No, said Schaffer. No "suck." Though McKay was insulting somebody and not talking about sex, the word's sexual connections make it a no-no in the new landscape of media regulation. Miller cut out the offending word and spliced it in backwards, leaving alert Fresh Air listeners to wonder why McKay would think something "skcus."
......

As a result of the Bono ruling, broadcasters have two red flags to watch out for — not counting obscenity, which is not immediately at issue.

* Indecency: As defined by the Pacifica case, it's material that "in context, depicts or describes, in terms patently offensive as measured by contemporary community standards for the broadcast medium, sexual or excretory organs or activities." The "community" is generally interpreted by the commission as "the national community as a whole," and the "standards" are as vague as ever.
* Profanity: The FCC said in the Bono decision it's commonly defined as "vulgar, irreverent or coarse language" but officially cites a definition from a 1972 case that reads, in part ". . . language so grossly offensive to members of the public who actually hear it as to amount to a nuisance." To that, the commission added that it "will also consider under the definition of 'profanity' the 'f-word' and those words (or variants thereof) that are as highly offensive as the 'f-word.'"

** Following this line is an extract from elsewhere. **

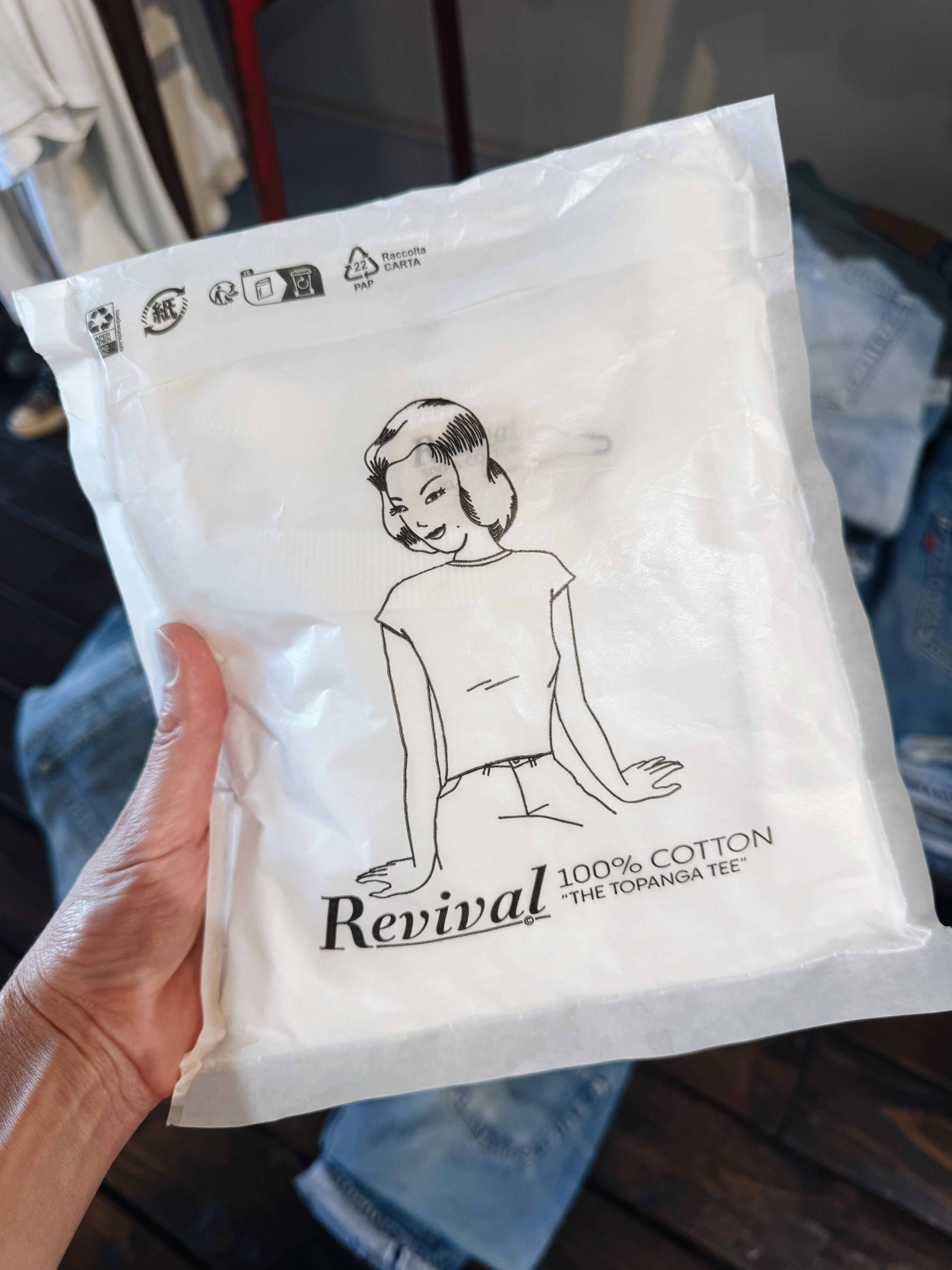 It’s called the Topanga Tee and there are a lot of things that make it special – the length of it hits the waistline on a pair of vintage 501s perfectly; the back of it pulls casually away from the body; the sleeves cap the shoulders without slanting too much; the ribbing around the neckline is broad and boyish. I love the fabric – 100% cotton. “It’s not too sheer. It’s just enough,” Stephan explained. He’s totally right. (Follow @made.revival for updates on inventory.)

And which words are those? The open-ended ruling against offensiveness has attorneys preaching absolute caution. It could greatly expand the commission's jurisdiction, Crigler says, and the elimination of the "informal or fleeting" excuse means the stakes are higher. The FCC "used to cut people some slack, but now that's gone," Crigler says. "One word will do you."

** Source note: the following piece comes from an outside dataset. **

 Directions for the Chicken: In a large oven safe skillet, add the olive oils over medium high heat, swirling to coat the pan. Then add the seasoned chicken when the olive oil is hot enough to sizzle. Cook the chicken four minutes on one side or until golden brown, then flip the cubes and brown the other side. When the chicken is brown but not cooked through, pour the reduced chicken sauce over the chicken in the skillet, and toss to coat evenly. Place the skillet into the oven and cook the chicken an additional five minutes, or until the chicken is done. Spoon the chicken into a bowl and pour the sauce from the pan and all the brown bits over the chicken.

Attorneys say the new profanity standard, with its call for "case-by-case" analysis, especially has a chilling effect on free speech in that it leaves programmers afraid to air things that should be legal. The upshot, Schaffer says, is "adults are wasting an incredible amount of time discussing words they should be able to say."

"We've had calls asking, can we say 'tit?'" his colleague, Larry Miller, says. "We're looking at each other saying, 'can you believe we're discussing this in a law firm?'"

Among the first to be chilled was PBS, which put sanitized versions of programs on the default "hard feeds" on its satellite. Uncut offensive language, as in this month's Prime Suspect 6: The Last Witness, was available to stations on the optional soft feed.

Fresh Air will edit a pivotal Sweeny Todd lyric for an upcoming broadcast, Miller says, because it includes "shit." The program aired the line in the past because its artistic value was such that Fresh Air producers were willing to endure calls from offended listeners. "Now," says Miller, "I don't think we could ask stations to take the risk."